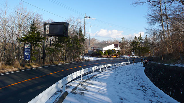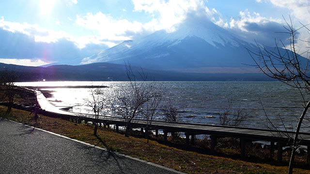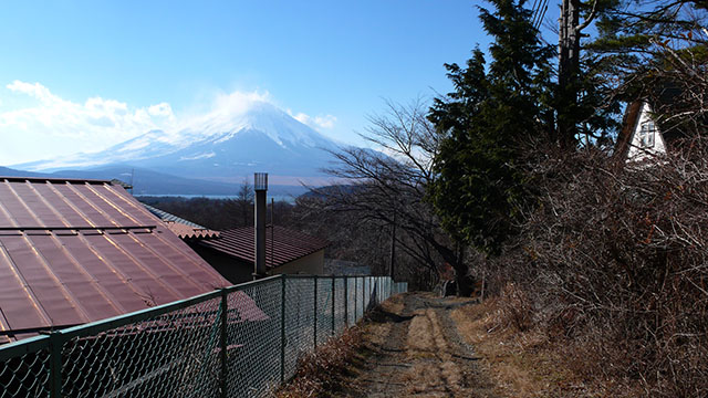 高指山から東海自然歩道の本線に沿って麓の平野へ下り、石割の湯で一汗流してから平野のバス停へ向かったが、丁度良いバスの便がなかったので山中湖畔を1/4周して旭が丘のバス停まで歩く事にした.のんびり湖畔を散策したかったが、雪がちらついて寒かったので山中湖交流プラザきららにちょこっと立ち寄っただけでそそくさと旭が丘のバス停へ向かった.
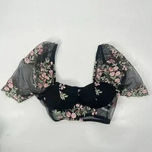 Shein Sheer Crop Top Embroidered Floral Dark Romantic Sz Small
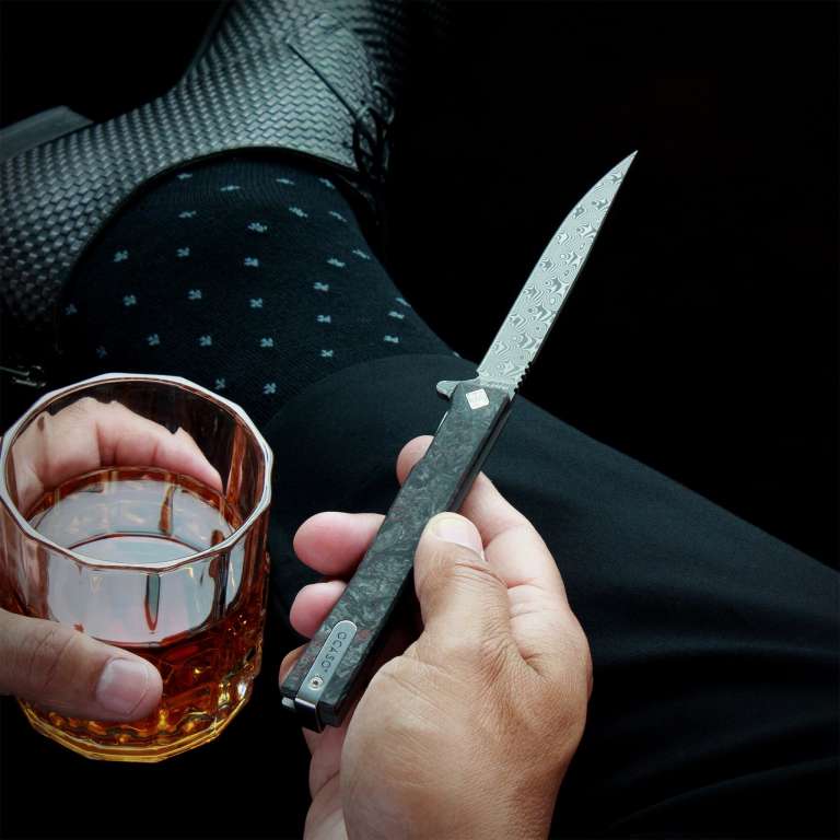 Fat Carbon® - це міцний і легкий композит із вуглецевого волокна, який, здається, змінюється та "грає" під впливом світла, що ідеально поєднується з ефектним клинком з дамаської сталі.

# # # # # # #

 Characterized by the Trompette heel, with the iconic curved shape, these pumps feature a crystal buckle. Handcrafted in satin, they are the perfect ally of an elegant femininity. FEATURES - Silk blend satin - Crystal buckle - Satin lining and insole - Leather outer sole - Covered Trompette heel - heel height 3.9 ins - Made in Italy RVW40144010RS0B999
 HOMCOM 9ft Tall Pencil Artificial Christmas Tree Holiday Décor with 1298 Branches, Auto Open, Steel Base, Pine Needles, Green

# # # # # # #

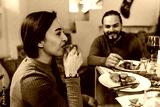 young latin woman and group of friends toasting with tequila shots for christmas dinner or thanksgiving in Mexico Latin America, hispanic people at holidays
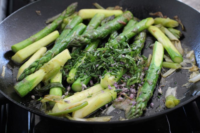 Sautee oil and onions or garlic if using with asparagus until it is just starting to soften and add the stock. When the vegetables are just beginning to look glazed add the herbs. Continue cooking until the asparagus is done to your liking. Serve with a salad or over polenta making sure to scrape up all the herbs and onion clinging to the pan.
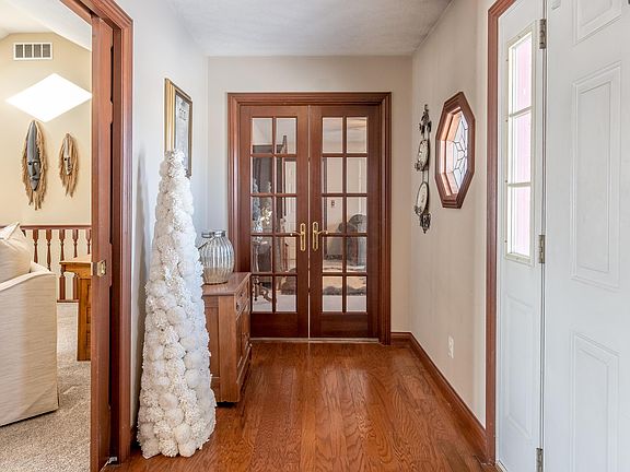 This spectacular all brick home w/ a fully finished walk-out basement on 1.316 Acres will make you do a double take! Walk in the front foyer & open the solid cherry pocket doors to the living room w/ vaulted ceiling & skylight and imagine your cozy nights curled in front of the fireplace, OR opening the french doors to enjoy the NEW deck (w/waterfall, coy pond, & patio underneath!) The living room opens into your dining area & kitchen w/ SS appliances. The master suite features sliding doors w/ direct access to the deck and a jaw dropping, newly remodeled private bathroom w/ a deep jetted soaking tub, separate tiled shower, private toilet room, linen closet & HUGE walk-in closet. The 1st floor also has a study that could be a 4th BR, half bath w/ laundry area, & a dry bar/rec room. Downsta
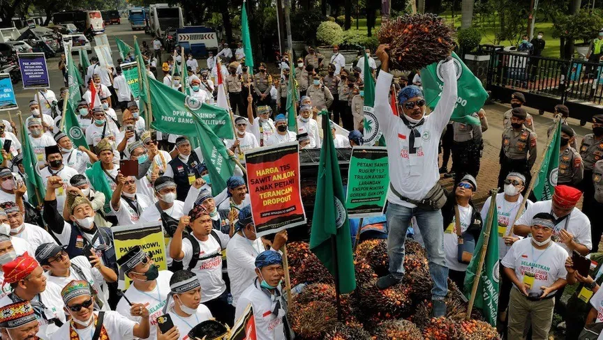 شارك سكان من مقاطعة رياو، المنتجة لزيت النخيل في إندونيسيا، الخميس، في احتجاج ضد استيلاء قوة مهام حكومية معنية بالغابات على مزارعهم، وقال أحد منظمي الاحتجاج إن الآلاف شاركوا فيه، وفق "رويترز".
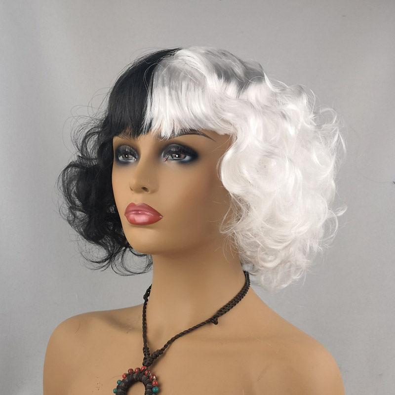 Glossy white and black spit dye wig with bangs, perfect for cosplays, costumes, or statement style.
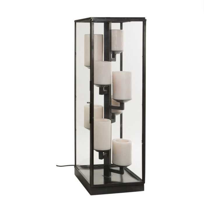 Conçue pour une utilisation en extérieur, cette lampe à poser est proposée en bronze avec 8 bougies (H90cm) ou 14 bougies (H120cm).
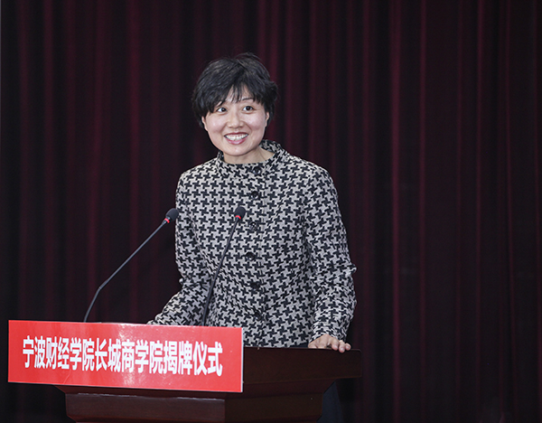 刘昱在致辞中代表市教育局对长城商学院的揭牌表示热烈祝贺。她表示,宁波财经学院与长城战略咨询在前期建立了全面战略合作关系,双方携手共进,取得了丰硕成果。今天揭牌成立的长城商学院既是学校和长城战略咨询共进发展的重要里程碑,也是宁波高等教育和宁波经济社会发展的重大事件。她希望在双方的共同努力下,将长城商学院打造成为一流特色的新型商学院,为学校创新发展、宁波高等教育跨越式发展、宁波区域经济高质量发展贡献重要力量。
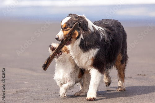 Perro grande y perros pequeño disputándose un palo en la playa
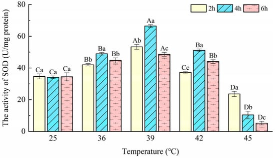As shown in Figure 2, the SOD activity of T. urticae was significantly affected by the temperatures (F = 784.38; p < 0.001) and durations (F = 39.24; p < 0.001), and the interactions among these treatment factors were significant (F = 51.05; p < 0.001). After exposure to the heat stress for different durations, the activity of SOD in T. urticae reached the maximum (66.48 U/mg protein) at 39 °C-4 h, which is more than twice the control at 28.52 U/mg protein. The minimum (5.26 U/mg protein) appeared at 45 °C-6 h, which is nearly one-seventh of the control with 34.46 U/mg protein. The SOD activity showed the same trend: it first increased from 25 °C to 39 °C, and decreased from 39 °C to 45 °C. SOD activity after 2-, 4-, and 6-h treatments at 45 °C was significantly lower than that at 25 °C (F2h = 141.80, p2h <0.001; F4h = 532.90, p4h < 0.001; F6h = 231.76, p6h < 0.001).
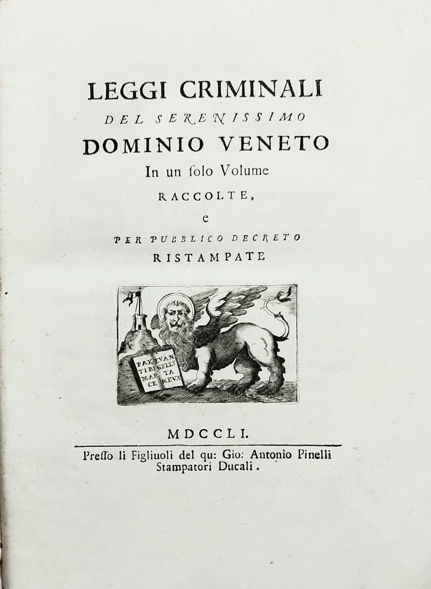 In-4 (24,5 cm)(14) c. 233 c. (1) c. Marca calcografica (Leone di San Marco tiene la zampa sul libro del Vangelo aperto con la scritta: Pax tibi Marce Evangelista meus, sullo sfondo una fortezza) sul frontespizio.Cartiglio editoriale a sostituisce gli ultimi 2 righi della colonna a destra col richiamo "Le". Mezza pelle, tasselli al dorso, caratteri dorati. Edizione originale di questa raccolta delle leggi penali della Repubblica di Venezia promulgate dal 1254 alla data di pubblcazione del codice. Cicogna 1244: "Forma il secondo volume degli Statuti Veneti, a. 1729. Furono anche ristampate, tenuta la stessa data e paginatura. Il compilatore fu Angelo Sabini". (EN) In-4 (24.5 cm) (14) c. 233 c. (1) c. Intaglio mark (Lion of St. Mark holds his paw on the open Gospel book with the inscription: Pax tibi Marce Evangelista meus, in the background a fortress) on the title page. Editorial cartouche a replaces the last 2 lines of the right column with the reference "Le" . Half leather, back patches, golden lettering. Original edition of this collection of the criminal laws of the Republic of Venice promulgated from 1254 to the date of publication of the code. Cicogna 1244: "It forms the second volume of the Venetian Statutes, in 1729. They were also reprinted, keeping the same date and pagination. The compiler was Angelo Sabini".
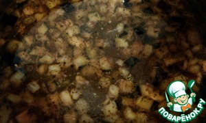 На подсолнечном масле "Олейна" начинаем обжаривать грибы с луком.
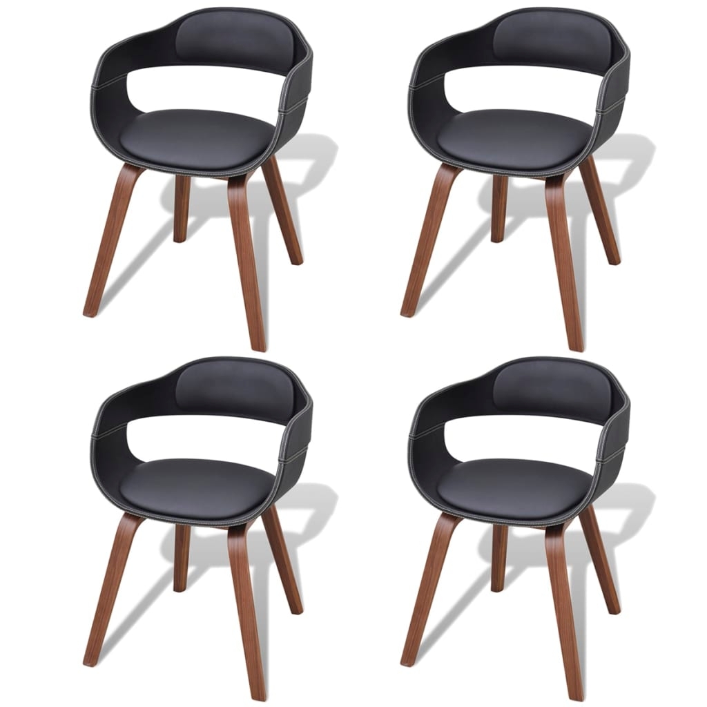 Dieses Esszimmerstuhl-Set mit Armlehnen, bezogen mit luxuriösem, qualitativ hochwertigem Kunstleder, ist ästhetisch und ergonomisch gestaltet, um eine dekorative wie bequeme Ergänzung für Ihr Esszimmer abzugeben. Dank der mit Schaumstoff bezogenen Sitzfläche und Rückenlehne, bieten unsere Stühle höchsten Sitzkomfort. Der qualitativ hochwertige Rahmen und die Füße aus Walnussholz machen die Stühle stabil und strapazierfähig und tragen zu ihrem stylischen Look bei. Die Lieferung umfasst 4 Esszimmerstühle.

# # # # # # #

Task to complete: Within the listing above, copy exactly the lines that start at the one with "高指山から東海自然歩道の本線" and continue through the one with "Shein Sheer Crop". Omit pictures.

Solution to the exercise:
 高指山から東海自然歩道の本線に沿って麓の平野へ下り、石割の湯で一汗流してから平野のバス停へ向かったが、丁度良いバスの便がなかったので山中湖畔を1/4周して旭が丘のバス停まで歩く事にした.のんびり湖畔を散策したかったが、雪がちらついて寒かったので山中湖交流プラザきららにちょこっと立ち寄っただけでそそくさと旭が丘のバス停へ向かった.
 Shein Sheer Crop Top Embroidered Floral Dark Romantic Sz Small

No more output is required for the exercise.